第77章杨府马车
众人皆是以为叶臣都此举必然是惹怒了杨复光,心中南面暗叫可惜,均是想道:“这少年如何这般骄傲?”又有一些人暗暗想来:“莫非这少年也是朝廷中有人撑腰,所以腰杆子硬,是以不怕得罪这当朝红人。”各人俱是心中惴惴不安,但见叶臣都面不改色一副胸有成足之态。

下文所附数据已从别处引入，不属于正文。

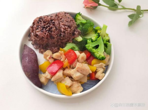 做法:將雞胸肉焯水后入鍋煎炒,再加入甜椒、調(diào)料,炒一炒即可,其他配菜隨意搭配,比如玉米、胡蘿卜丁等;再用開水煮西蘭花,搭配一根紫薯,膳食纖維豐富又管飽。

只见杨复光忽然哈哈大笑说:“果然是初生牛犊不怕虎,世人见我杨复光皆是吓得屁股尿流,你这小子竟然敢无视我吗?”宇文鹭早已看见这宦官阴阳怪气早已看不顺眼,闻言怒道:“难道你是阎王爷不成?有什么可怕的,本姑奶奶可不怕你!”
杨复光低头一看宇文鹭,颔首爹声爹气说:“果然长得标致可人,如果我没有猜错了话,这两位姑娘想必是宇文姑娘了?”此话一出,王建和鹿宴弘倒是罢了,叶臣都和宇文姐妹一听当真的错愕得说不出话来。
三人如何想到这身居深宫的宦官竟然一出口就道破了三人来历,怎能令三人不惊讶莫名?宇文鹭退了一步,说:“你怎知道我姓名?”杨复光哈哈大笑说:“你宇文家剑法天下无双,我杨复光再是瞎了狗眼,也不敢看错是不是?”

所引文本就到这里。